MAP (-o 13:<file>) loads a vertex permutation from disk
(.lo or .so file). Used by the benchmark pipeline to apply a
pregenerated reordering without redoing the work.
AdaptiveOrder (-o 14) — runtime ML selector. Not part of the
VLDB submission; see AdaptiveOrder-ML.
LeidenOrder (-o 15) — direct GVE-Leiden ordering with no
GraphBrew post-processing layer. Use as a community-detection
baseline distinct from RabbitOrder's single-pass Louvain.
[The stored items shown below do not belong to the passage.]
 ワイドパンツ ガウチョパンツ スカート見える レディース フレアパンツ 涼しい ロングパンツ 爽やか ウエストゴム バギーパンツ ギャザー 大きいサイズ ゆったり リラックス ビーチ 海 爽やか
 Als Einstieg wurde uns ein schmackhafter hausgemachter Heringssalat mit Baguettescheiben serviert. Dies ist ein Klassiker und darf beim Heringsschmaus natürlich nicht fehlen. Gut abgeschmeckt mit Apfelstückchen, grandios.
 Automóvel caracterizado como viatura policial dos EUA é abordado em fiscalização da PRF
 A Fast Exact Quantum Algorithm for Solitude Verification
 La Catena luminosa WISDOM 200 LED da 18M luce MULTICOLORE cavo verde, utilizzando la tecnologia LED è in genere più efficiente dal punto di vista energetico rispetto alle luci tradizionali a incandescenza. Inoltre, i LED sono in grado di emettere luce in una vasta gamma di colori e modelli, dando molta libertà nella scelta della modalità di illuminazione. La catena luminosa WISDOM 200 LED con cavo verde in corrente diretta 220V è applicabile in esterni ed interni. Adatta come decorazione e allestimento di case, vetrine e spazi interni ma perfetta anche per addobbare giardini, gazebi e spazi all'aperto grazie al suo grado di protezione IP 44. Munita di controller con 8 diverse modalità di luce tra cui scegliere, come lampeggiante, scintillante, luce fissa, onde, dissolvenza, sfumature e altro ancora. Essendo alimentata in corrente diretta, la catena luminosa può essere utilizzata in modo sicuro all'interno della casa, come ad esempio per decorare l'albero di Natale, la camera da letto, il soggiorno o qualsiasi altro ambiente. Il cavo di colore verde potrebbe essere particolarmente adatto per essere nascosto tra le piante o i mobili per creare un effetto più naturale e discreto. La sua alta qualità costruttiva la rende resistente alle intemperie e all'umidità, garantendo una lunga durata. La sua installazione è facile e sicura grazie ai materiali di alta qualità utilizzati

GoGraphOrder (-o 16) — Zhou et al. (2024). Hub-aware BFS
followed by greedy vertex insertion that maximises the fraction of
edges where src < dst in the ordering. Specifically helps
Gauss-Seidel iterations (standard PR formulation). Has no effect
on double-buffered Jacobi algorithms like PR-SpMV.
Variants:
| Flag | Implementation |
|---|---|
-o 16 |
default |
-o 16:fast |
parallel approximation |
-o 16:naive |
naive reference |
Multiple reorderings can be applied in sequence. Order matters: community detection should precede degree refinement because the degree-based methods preserve relative position within their buckets, so they refine the existing community layout instead of destroying it.
# Leiden then DBG: community spatial layout + hub temporal locality
./bench/bin/pr -f g.el -s -o 12:leiden -o 5 -n 5
# HRAB then DBG
./bench/bin/pr -f g.el -s -o 12:hrab -o 5 -n 5
# Leiden then GoGraph: cache locality + convergence speed (PR only, not PR-SpMV)
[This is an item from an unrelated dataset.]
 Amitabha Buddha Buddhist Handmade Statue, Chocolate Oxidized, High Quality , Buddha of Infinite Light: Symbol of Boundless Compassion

./bench/bin/pr -f g.el -s -o 12:leiden -o 16 -n 5
# Rabbit then DBG (the lightweight chain)
./bench/bin/pr -f g.el -s -o 8 -o 5 -n 5Five chains are formally evaluated in the VLDB paper §4.5.2.
Is your graph mesh-like (road, FE)?
└── yes → 12:rcm (or 11:bnf for standalone RCM)
└── no → Does it have strong community structure?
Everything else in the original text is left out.